Bahuleyan Jeyamohan (born 22 April 1962) is an Indian Tamil and Malayalam language writer and literary critic from Nagercoil in the Indian state of Tamil Nadu.

His best-known and most critically acclaimed work is Vishnupuram, a fantasy set as a quest through various schools of Indian philosophy and mythology. In 2014, he started his most ambitious work Venmurasu, a modern renarration of the epic Mahabharata and successfully completed the same, thus creating the world's longest novel ever written.

His other well-known novels include Rubber, Pin Thodarum Nizhalin Kural, Kanyakumari, Kaadu, Pani Manidhan, Eazhaam Ulagam and Kotravai. The early major influences in his life have been the humanitarian thinkers Leo Tolstoy and Mohandas Karamchand Gandhi. Drawing on the strength of his life experiences and extensive travel around India, Jeyamohan is able to re-examine and interpret the essence of India's rich literary and classical traditions.

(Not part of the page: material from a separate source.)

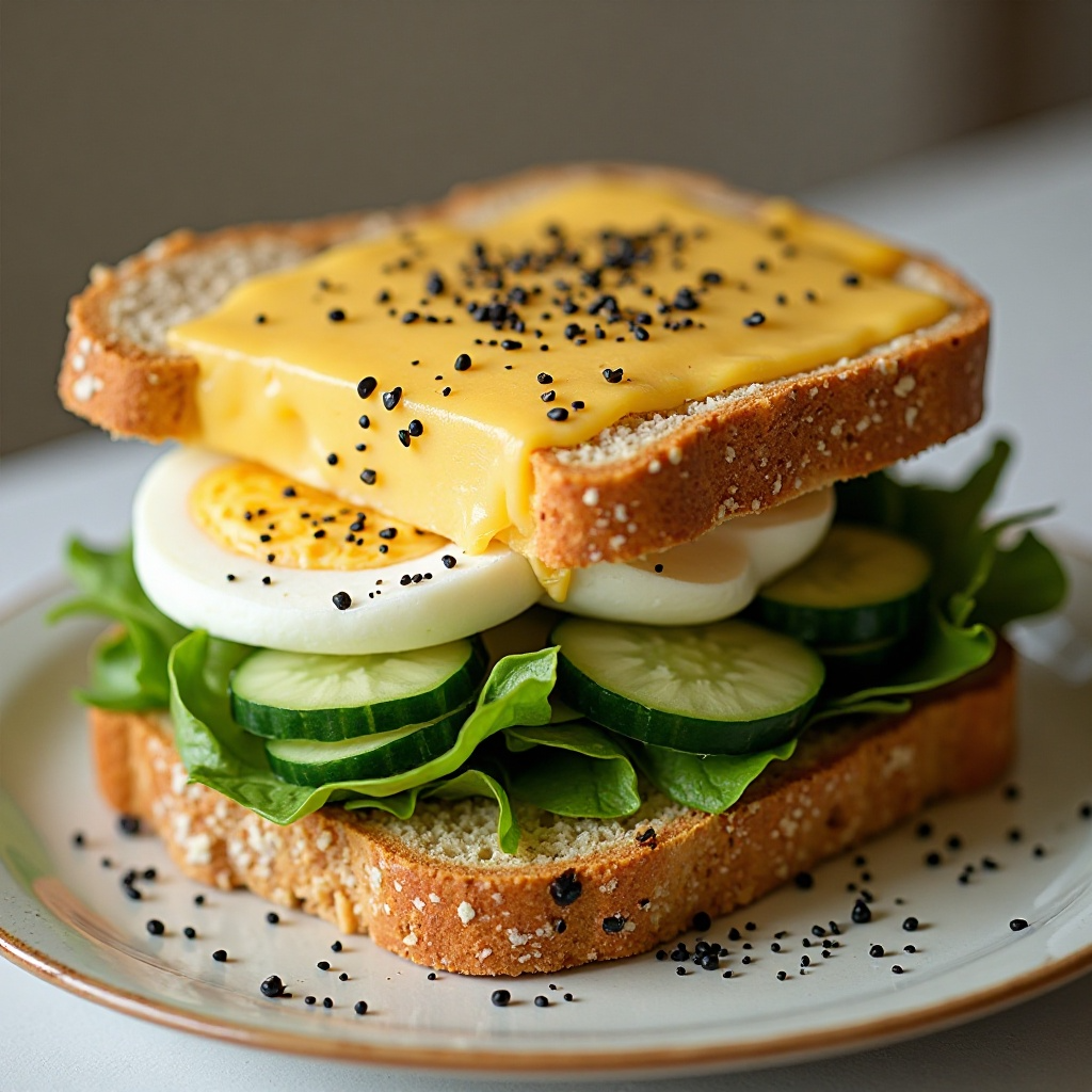 Este sándwich es una opción saludable debido a su uso de pan integral rico en fibra y verduras frescas. La combinación de queso cremoso con el contraste del queso azul añade variedad nutricional con proteínas de alta calidad. Para una versión baja en calorías, considera reducir la cantidad de queso o reemplazarla por queso de cabra o requesón.

Born into a Malayali Nair family in the Kanyakumari district that straddles Tamil Nadu and Kerala, Jeyamohan is equally adept in Tamil and Malayalam. However, the bulk of his work has been in Tamil. Jeyamohan's output includes nine novels, ten volumes of short-stories/plays, thirteen literary criticisms, five biographies of writers, six introductions to Indian and Western literature, three volumes on Hindu and Christian philosophy and numerous other translations and collections. He has also written scripts for Malayalam and Tamil movies.

Personal life
Jeyamohan was introduced to Arunmozhi Nangai as a reader and married her in 1991. Their son Ajithan was born in 1993 and daughter Chaitanya in 1997.

Early life
Jeyamohan was born on 22 April 1962 in Thiruvarambu of Kanyakumari District, Tamil Nadu, to S.Bahuleyan Pillai and B.Visalakshi Amma. Bahuleyan Pillai was an accounts clerk in the Arumanai registrar's office. Visalakshi Amma hailed from a family of trade-unionists. Jeyamohan's siblings were an elder brother and a younger sister. Bahuleyan's family followed him around on his work-related transfers to Thiruvattar and Arumanai towns in the Kanyakumari district.

Very early on, Jeyamohan was inspired by his mother to take up writing. Jeyamohan's first publication during schooldays was in Ratnabala, a children's magazine, followed by a host of publications in popular weeklies. After high school, Jeyamohan was pressured by his father to take up commerce and accountancy in college. The suicide of a close friend drove him to drop out of college and constantly travel the country in search of physical and spiritual experience. He supported himself by taking up odd jobs and writing in pulp magazines all the while reading voraciously. He took up a temporary job at the Telephones department in Kasargode where he became close to the Leftist trade union circles. He received many of his formative ideas on historiography and literary narrative during that period.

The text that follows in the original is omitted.